WASHINGTON -- The Obama administration has opened a small, but potentially important, hole in a key requirement of the new healthcare law, letting some people who have had insurance policies cancelled avoid the requirement to buy coverage next year.


The change, announced Thursday night in a letter that Health and Human Services Secretary Kathleen Sebelius sent to a group of senators, marks the first exception the administration has allowed to the law's so-called individual mandate.


Under the new policy, people who have received notices that their health plans are being canceled would qualify for hardship exemptions allowed by the law. Under those exemptions, they could buy low-cost catastrophic health plans or skip buying health coverage altogether.


The low-cost plans, which provide bare-bones coverage, are otherwise available only to some people younger than 30.


The number of people directly affected by the change may be relatively small. Administration officials said earlier Thursday that they believed about 500,000 people nationwide had received notices canceling existing policies and had not yet bought new coverage.


Since those people already had purchased coverage at a time when no law required it, a large percentage of them presumably will buy coverage next year rather than take advantage of the new exemption.


But even if that turns out to be the case and the number of people claiming exemptions is small relative to the size of the insurance market, the political impact of the change could be large. The exemption policy constitutes the first crack in the wall for the requirement to buy coverage.


Republicans, who have campaigned fiercely against the requirement that people buy insurance, probably will now seize on the new exemption as a precedent.


Health insurers have insisted the mandate that everyone buy insurance is necessary to keep coverage affordable and were quick to criticize the new policy.


The change, coming less than two weeks before new health plans take effect on Jan. 1, "could cause significant instability in the marketplace and lead to further confusion and disruption for consumers," Karen Ignagni, the head of America's Health Insurance Plans, the industry trade group, said in a statement.

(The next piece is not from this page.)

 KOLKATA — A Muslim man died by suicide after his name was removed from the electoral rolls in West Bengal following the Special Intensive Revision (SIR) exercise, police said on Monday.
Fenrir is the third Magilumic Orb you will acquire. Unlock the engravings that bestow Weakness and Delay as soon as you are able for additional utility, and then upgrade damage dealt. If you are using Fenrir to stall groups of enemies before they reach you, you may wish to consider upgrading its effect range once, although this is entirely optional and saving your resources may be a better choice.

The new policy stems from one of the biggest political problems Obama has faced with the troubled rollout of the healthcare law -- his promise that the people who liked their existing health plans could keep them. When several million people nationwide began receiving notices that their plans would be canceled because the plans fell short of the new law's requirements, Obama suffered a sharp drop in public trust.

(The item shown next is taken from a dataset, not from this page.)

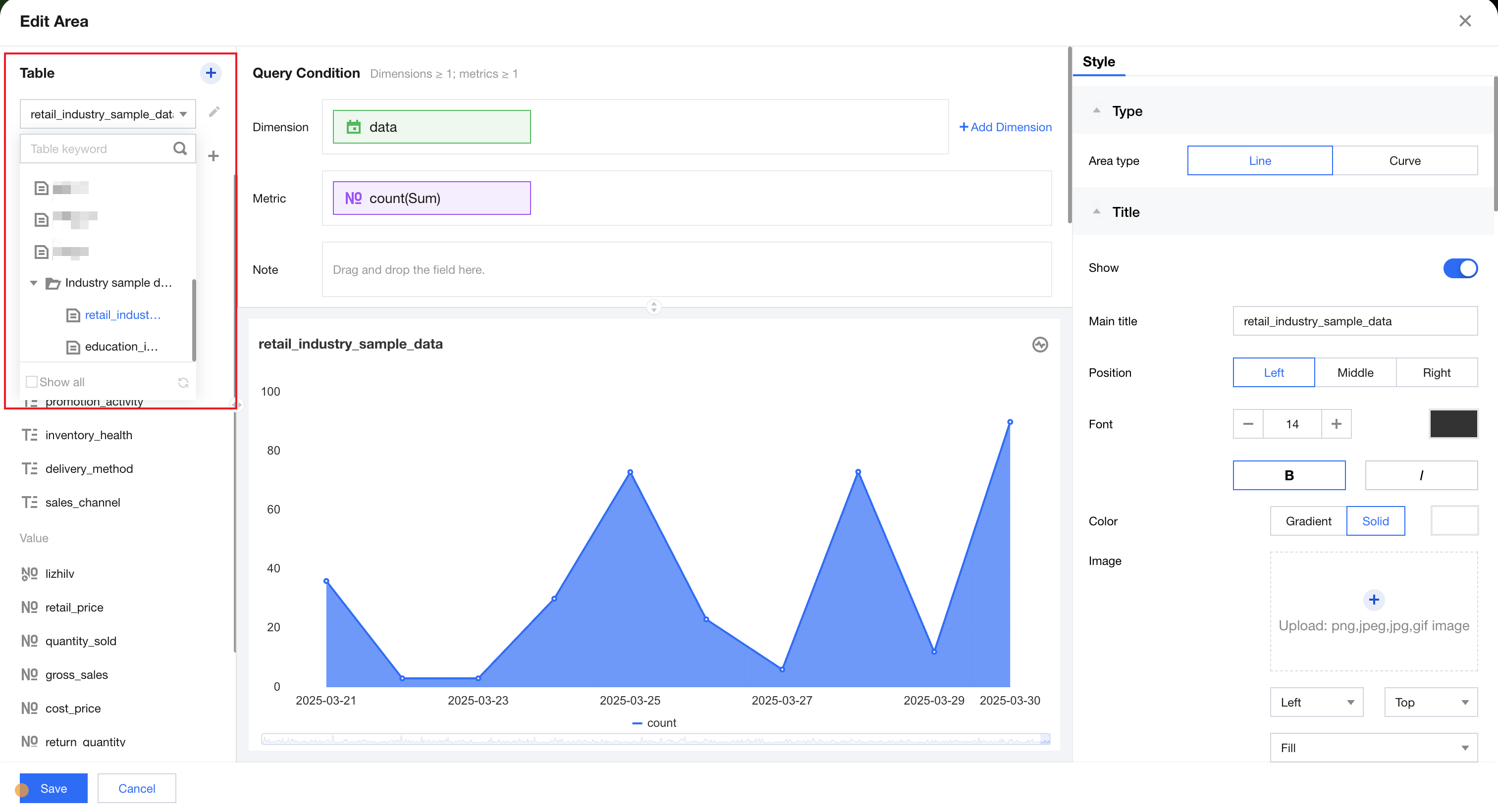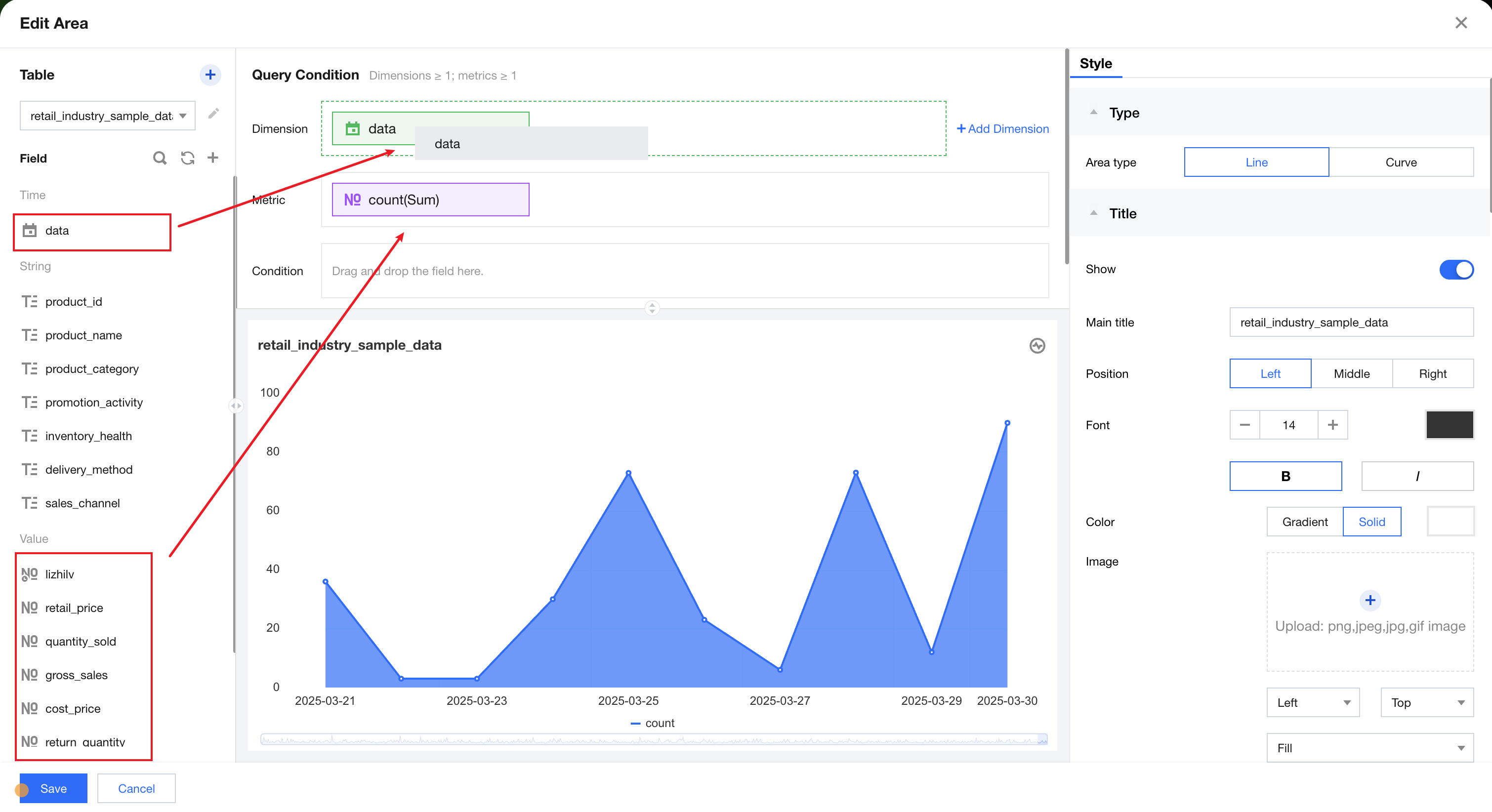 3. Drag and drop a field into the "Dimension" box: After a data table is selected, the system will automatically retrieve all fields under the table and group them by field type.

Democrats in Congress, especially senators facing tough reelection challenges next year, were bitterly upset at the predicament in which Obama's words had placed them. They have pressured the administration to respond to angry constituents.


Sebelius made the latest concession in a letter to six senators: Democrats Mark R. Warner and Tim Kaine of Virginia, Jeanne Shaheen of New Hampshire, Mary L. Landrieu of Louisiana and Heidi Heitkamp of North Dakota and independent Angus King of Maine. Landrieu and Shaheen are up for reelection in 2014, and the Louisiana race already promises to be close.


In a statement, the six said the change would "help those consumers who have had their plans canceled this year transition more smoothly into the marketplace."